*EXERCISE BRIEF:* Drop the images. Copy every line below character for character.

━━━━━━━━━━━━━━━━━━━━

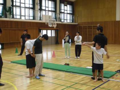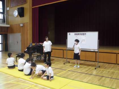 4組で取り組んでいるリトミックをたくさんの先生方にみていただきました。自己紹介をしたり、先生とペアを組んで活動したりと盛りだくさんでした。とても頑張っている姿をみてもらいとても嬉しそうでした。
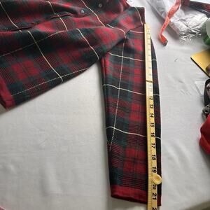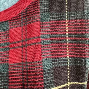 Talbot's Classy Women's S Made in Italy Merino New wool Christmas sweater in red, green plaid - sooooo soft ! Classy and in flawless excellent condition ! My FLAT measurements include ; chest between axilla 19.5", waist 19", sleeve 21.5" from shoulder seam to the end of the cuff, the length is 22" from the bottom of collar to the end of hem. Thank you for your consideration of this plaid Soft gorgeous merino wool cardigan by Talbot's .
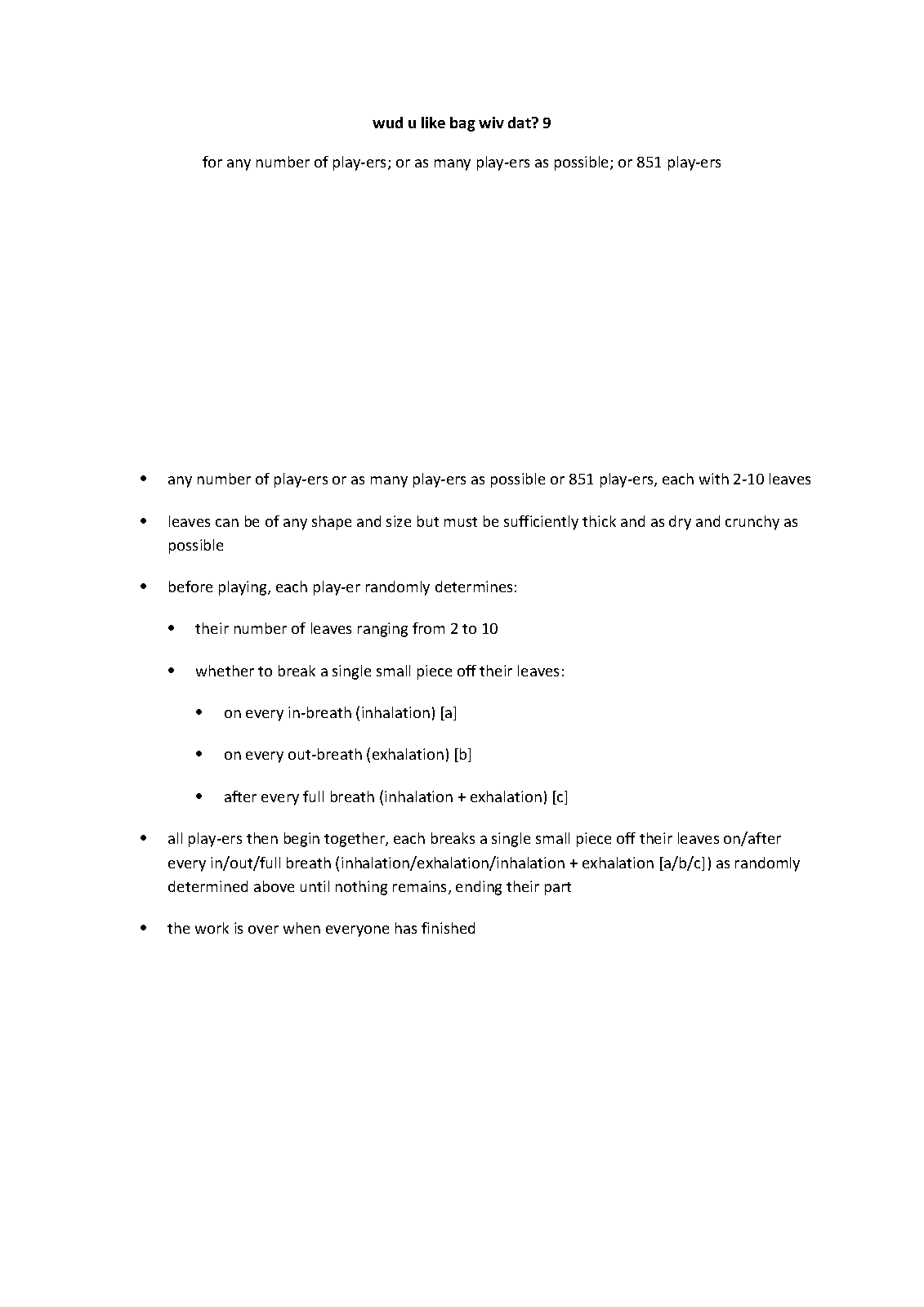 | Instrumentation | any number of play-ers or as many play-ers as possible or 851 play-ers, each with 2-10 leaves |
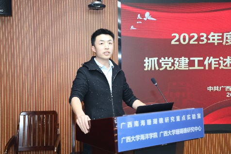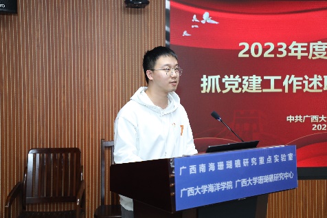 在听取了各支部的述职后,秦华东对各支部书记的述职逐一进行了点评。他充分肯定了这次党支部书记抓党建述职评议工作会议准备充分、检视深刻、意见中肯,达到了预期的效果。结合学校新时代党建工作中对基层党支部的建设要求,他对学院及各支部下一阶段的党建工作提出三点建议:一是以习近平新时代中国特色社会主义思想为指导,加强政治理论学习,持续学习贯彻党的二十大精神,在支部中形成良好的学习氛围,在此过程中敢思敢想、创建特色党建品牌;二是按照“围绕中心抓党建、抓好党建促发展”的工作思路,充分发挥党建引领作用,以“党建+学习”“党建+科考”“党建+科研”“党建+服务”等载体建设成为党建和业务工作共同推进的多种平台,党建与业务双融双促,充分发挥党员的个人能力,促党员更快速成长,推动基层党建提质增效;三是强化党支部抓党建工作责任意识,对标对表落实各项工作,缩小与上级党组织要求的差距,围绕学校和学院的中心工作不断创优争先。
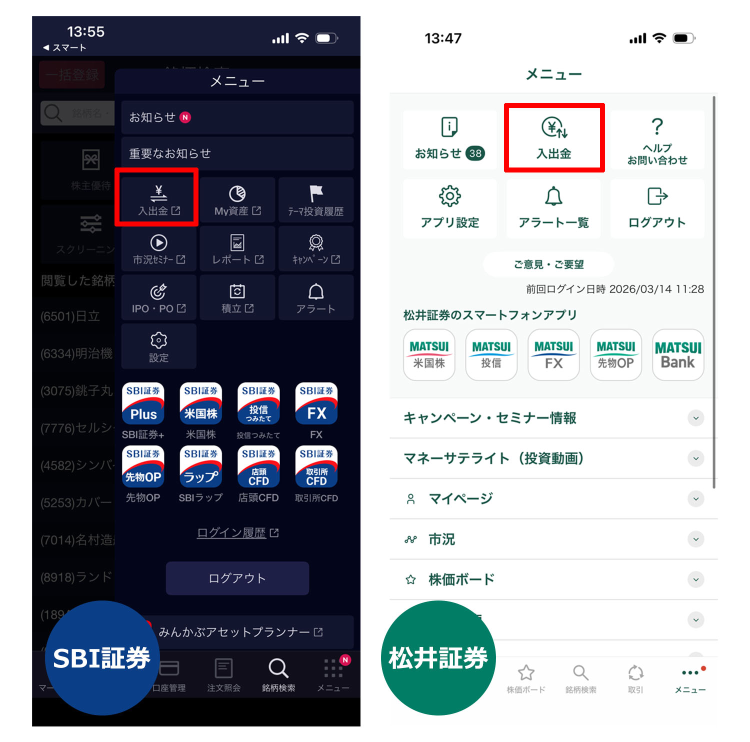 ↑SBI証券と松井証券の入金方法です。
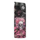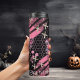 Skulls and Roses Gold Silver Glitter Halloween Thermal Tumbler is basically Pink and Black with floral skull over a glitter pattern backdrop. Customize this tumbler for your favorite person that loves Halloween. Change up the name or add your favorite quote, make it totally unique. This trendy shades of pink and black thermal tumbler makes a great gift!
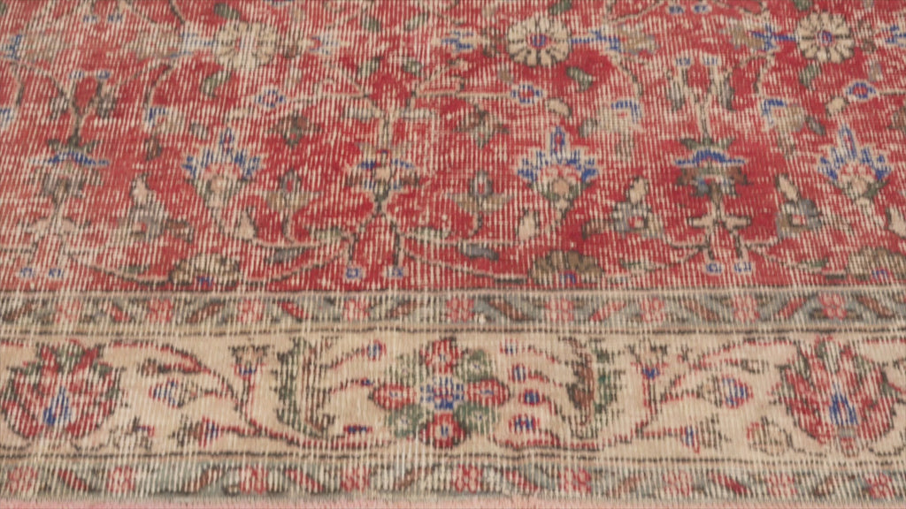 Rosalyndra is a vintage Turkish rug that was woven in the 1970s by skilled artisans using traditional Turkish weaving techniques. Carefully handmade, it carries the character and beauty of generations-old craftsmanship. Its red color and soft texture make any room feel warm and inviting.
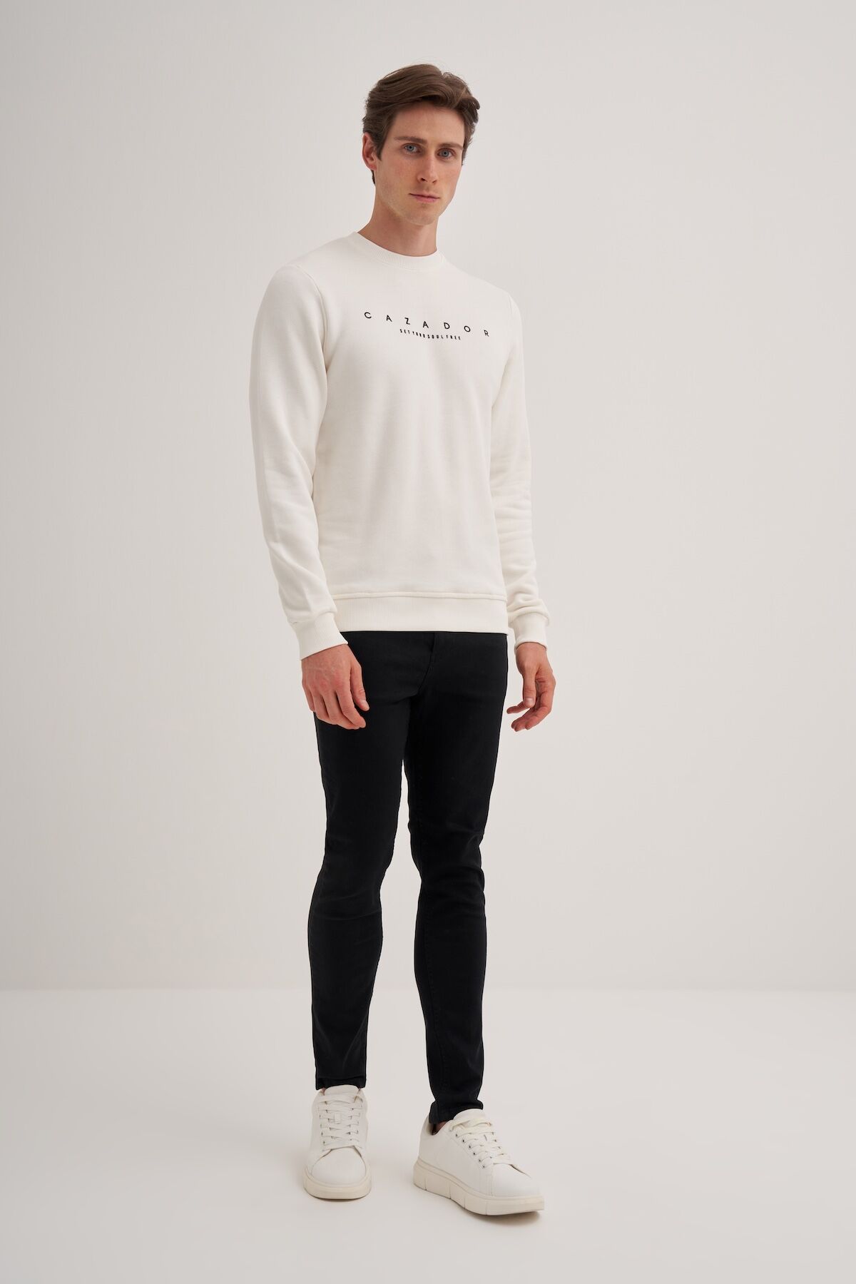 Cazador 52350 Ekru Erkek %100 Pamuk Önü Yazılı Slim Fit Sweatshirt
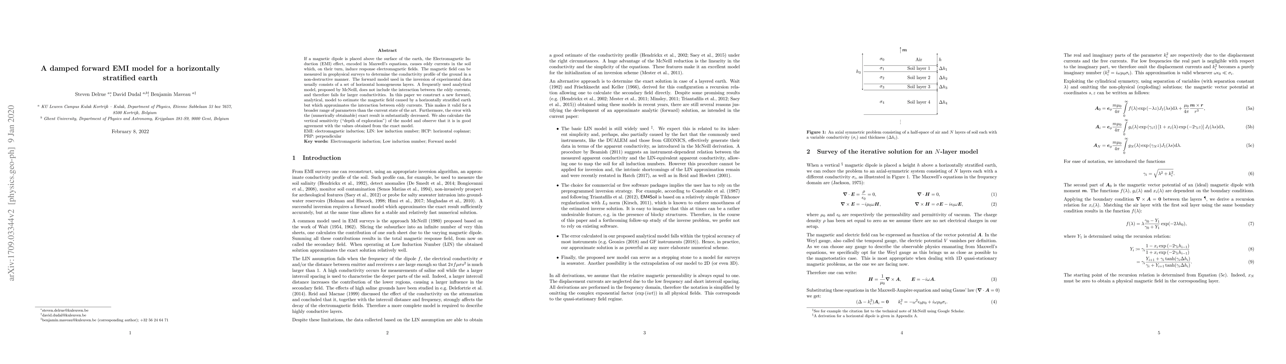 A new forward EMI model for a horizontally stratified earth is presented, improving accuracy over existing models by accounting for eddy current interactions and increasing its validity for a broader range of parameters.
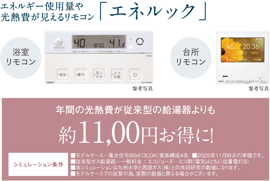 たっぷりお湯が使えて、しかも経済的。ガスの高い熱効率をプラスした、地球環境と暮らしに優しいワンランク上の給湯器です。
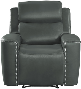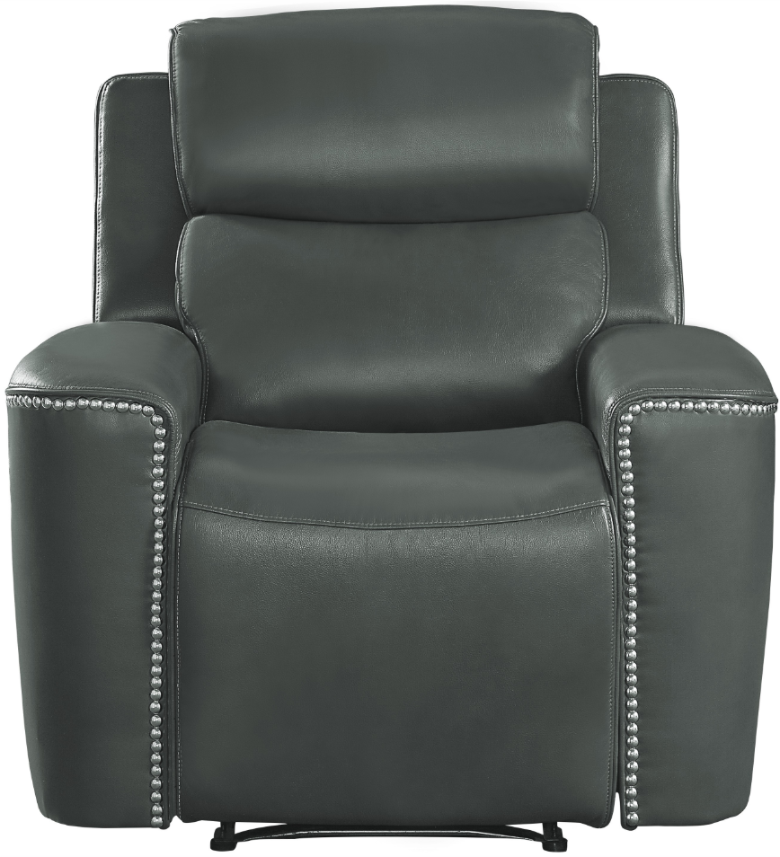 Utilizing modern lines with traditional accenting, the Altair Collection will be a unique addition to your modern home. This seating group is available in gray or black leather gel match, with decorative high-polish nailhead accent, for ultimate decorative versatility in placement within your space. Manual reclining mechanisms engage with the pull of the side-mounted tab, taking you from seated to prone in an easy movement.
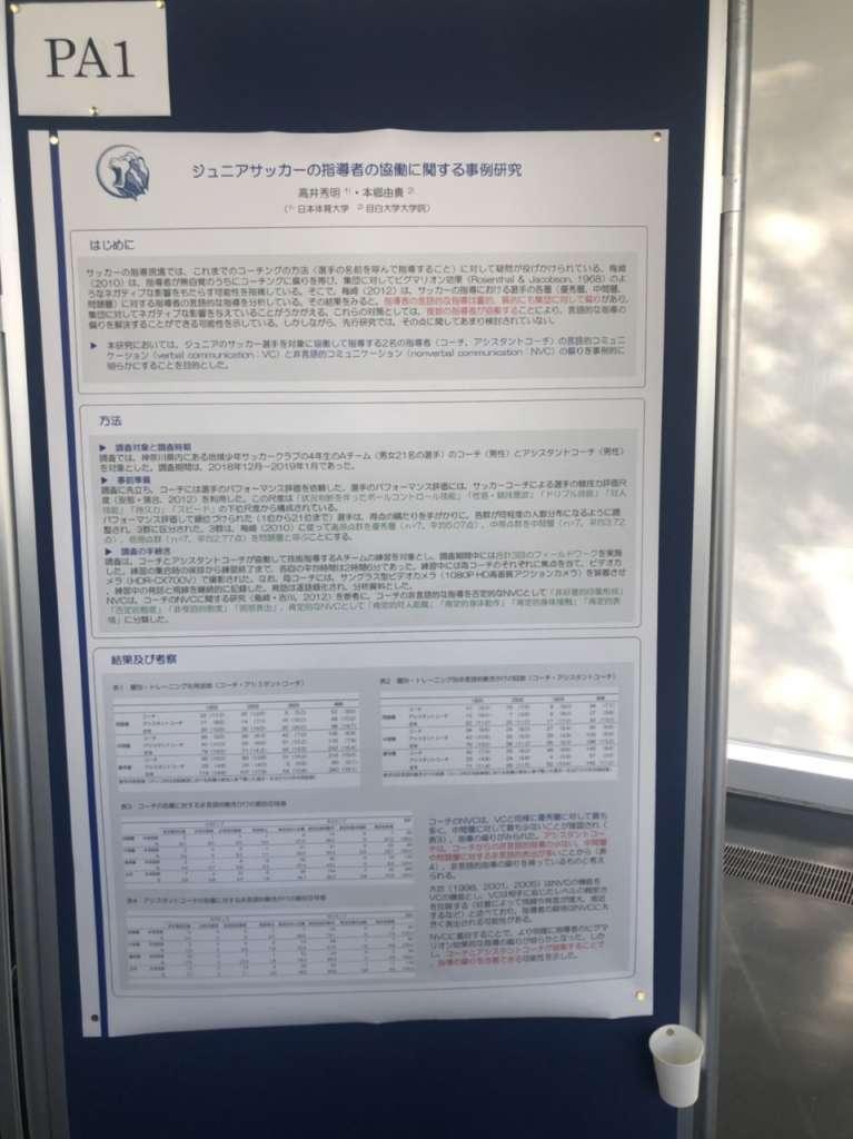 学会企画シンポジウムは、「スポーツ心理学と発達的な観点からみた指導」というテーマで行われました。また、ラウンドテーブルディスカッションでは、高井先生が話題提供者の1人として参加し、「2020年東京オリンピック・パラリンピックに向けての心理サポートとその後(その4)」というテーマで行われました。
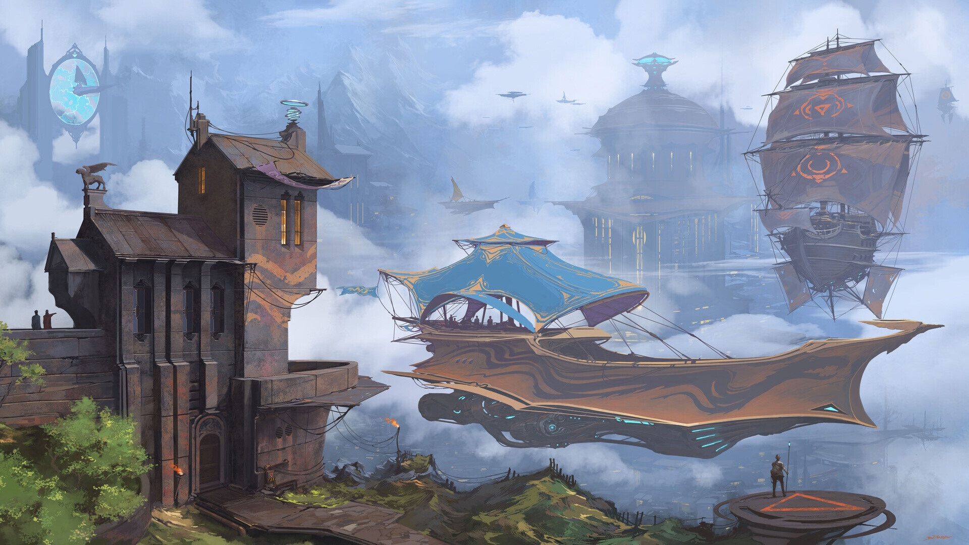 Леонид Михайлович, во всю крутил головой рассматривая необычную архитектуру и непривычных разумных. Нам как на подбор попадались такие колоритные товарищи, каких на земле не встретить. Да и пролетевший над нами корабль, производил впечатление. Мы несколько минут стояли на небольшой площадке с которой открывался отличный вид на площадь и портальную площадку в ее центре.

━━━━━━━━━━━━━━━━━━━━

*RESULT:*
 4組で取り組んでいるリトミックをたくさんの先生方にみていただきました。自己紹介をしたり、先生とペアを組んで活動したりと盛りだくさんでした。とても頑張っている姿をみてもらいとても嬉しそうでした。
 Talbot's Classy Women's S Made in Italy Merino New wool Christmas sweater in red, green plaid - sooooo soft ! Classy and in flawless excellent condition ! My FLAT measurements include ; chest between axilla 19.5", waist 19", sleeve 21.5" from shoulder seam to the end of the cuff, the length is 22" from the bottom of collar to the end of hem. Thank you for your consideration of this plaid Soft gorgeous merino wool cardigan by Talbot's .
 | Instrumentation | any number of play-ers or as many play-ers as possible or 851 play-ers, each with 2-10 leaves |
 在听取了各支部的述职后,秦华东对各支部书记的述职逐一进行了点评。他充分肯定了这次党支部书记抓党建述职评议工作会议准备充分、检视深刻、意见中肯,达到了预期的效果。结合学校新时代党建工作中对基层党支部的建设要求,他对学院及各支部下一阶段的党建工作提出三点建议:一是以习近平新时代中国特色社会主义思想为指导,加强政治理论学习,持续学习贯彻党的二十大精神,在支部中形成良好的学习氛围,在此过程中敢思敢想、创建特色党建品牌;二是按照“围绕中心抓党建、抓好党建促发展”的工作思路,充分发挥党建引领作用,以“党建+学习”“党建+科考”“党建+科研”“党建+服务”等载体建设成为党建和业务工作共同推进的多种平台,党建与业务双融双促,充分发挥党员的个人能力,促党员更快速成长,推动基层党建提质增效;三是强化党支部抓党建工作责任意识,对标对表落实各项工作,缩小与上级党组织要求的差距,围绕学校和学院的中心工作不断创优争先。
 ↑SBI証券と松井証券の入金方法です。
 Skulls and Roses Gold Silver Glitter Halloween Thermal Tumbler is basically Pink and Black with floral skull over a glitter pattern backdrop. Customize this tumbler for your favorite person that loves Halloween. Change up the name or add your favorite quote, make it totally unique. This trendy shades of pink and black thermal tumbler makes a great gift!
 Rosalyndra is a vintage Turkish rug that was woven in the 1970s by skilled artisans using traditional Turkish weaving techniques. Carefully handmade, it carries the character and beauty of generations-old craftsmanship. Its red color and soft texture make any room feel warm and inviting.
 Cazador 52350 Ekru Erkek %100 Pamuk Önü Yazılı Slim Fit Sweatshirt
 A new forward EMI model for a horizontally stratified earth is presented, improving accuracy over existing models by accounting for eddy current interactions and increasing its validity for a broader range of parameters.
 たっぷりお湯が使えて、しかも経済的。ガスの高い熱効率をプラスした、地球環境と暮らしに優しいワンランク上の給湯器です。
 Utilizing modern lines with traditional accenting, the Altair Collection will be a unique addition to your modern home. This seating group is available in gray or black leather gel match, with decorative high-polish nailhead accent, for ultimate decorative versatility in placement within your space. Manual reclining mechanisms engage with the pull of the side-mounted tab, taking you from seated to prone in an easy movement.
 学会企画シンポジウムは、「スポーツ心理学と発達的な観点からみた指導」というテーマで行われました。また、ラウンドテーブルディスカッションでは、高井先生が話題提供者の1人として参加し、「2020年東京オリンピック・パラリンピックに向けての心理サポートとその後(その4)」というテーマで行われました。
 Леонид Михайлович, во всю крутил головой рассматривая необычную архитектуру и непривычных разумных. Нам как на подбор попадались такие колоритные товарищи, каких на земле не встретить. Да и пролетевший над нами корабль, производил впечатление. Мы несколько минут стояли на небольшой площадке с которой открывался отличный вид на площадь и портальную площадку в ее центре.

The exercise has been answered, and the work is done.